Co-developed-by: Dan Williams <djbw@kernel.org>
Signed-off-by: Dan Williams <djbw@kernel.org>
Signed-off-by: Terry Bowman <terry.bowman@amd.com>
---
Changes in v16->v17:
- Drop redundant cxl_mask_proto_interrupts() calls from unregister_port()
and cxl_dport_remove(); the devres action registered alongside the unmask
is the sole mask path.
- Update title
- Remove unnecessary check for aer_capabilities
- Gate cxl_unmask_proto_interrupts() on pcie_aer_is_native()
- Add pci_aer_mask_internal_errors() and cxl_mask_proto_interrupts()
- Only unmask on successful cxl_map_component_regs()
- NULL-check @dev in cxl_{un,}mask_proto_interrupts()
- Drop static and declare in core/core.h
Change in v15 -> v16:
- None
Change in v14 -> v15:
- None
Changes in v13->v14:
- Update commit title's prefix (Bjorn)
Changes in v12->v13:
- Add dev and dev_is_pci() NULL checks in cxl_unmask_proto_interrupts() (Terry)

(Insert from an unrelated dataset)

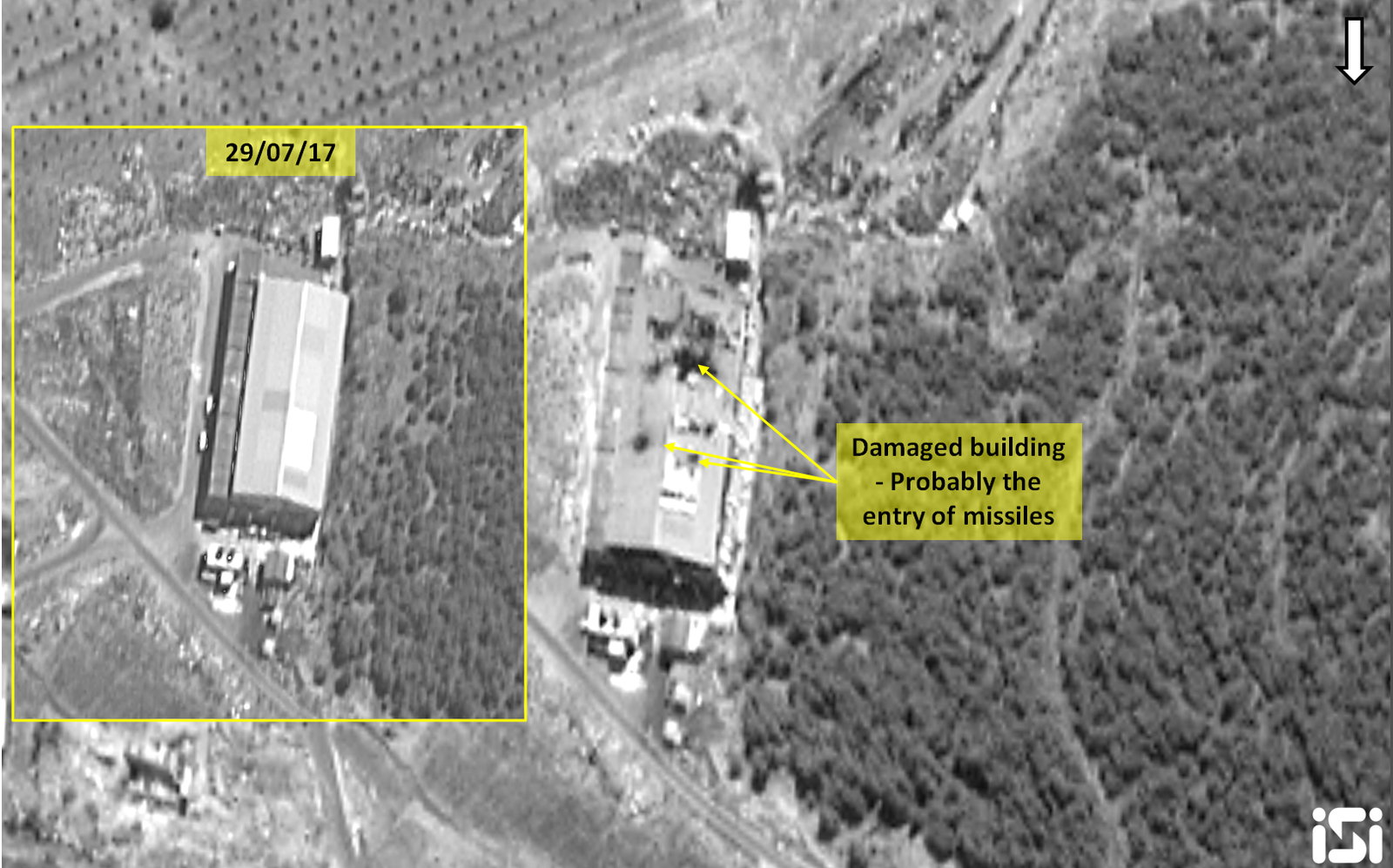 وأظهرت الصور التي نشرتها شركة Aurora Intel العديد من المباني المدمرة في مجمع مركز الدراسات والبحوث العلمية في مدينة مصياف شمال غرب سوريا. استُهدفت لجنة SSRC بضربات جوية إسرائيلية مزعومة عدة مرات، بما في ذلك غارة نهارية نادرة في أوائل أبريل

- Add Dave Jiang's and Ben's review-by
Changes in v11->v12:
- None
---
drivers/cxl/core/core.h | 4 +++
drivers/cxl/core/ras.c | 63 ++++++++++++++++++++++++++++++++++++++---
drivers/pci/pcie/aer.c | 25 ++++++++++++++++
include/linux/aer.h | 2 ++
4 files changed, 90 insertions(+), 4 deletions(-)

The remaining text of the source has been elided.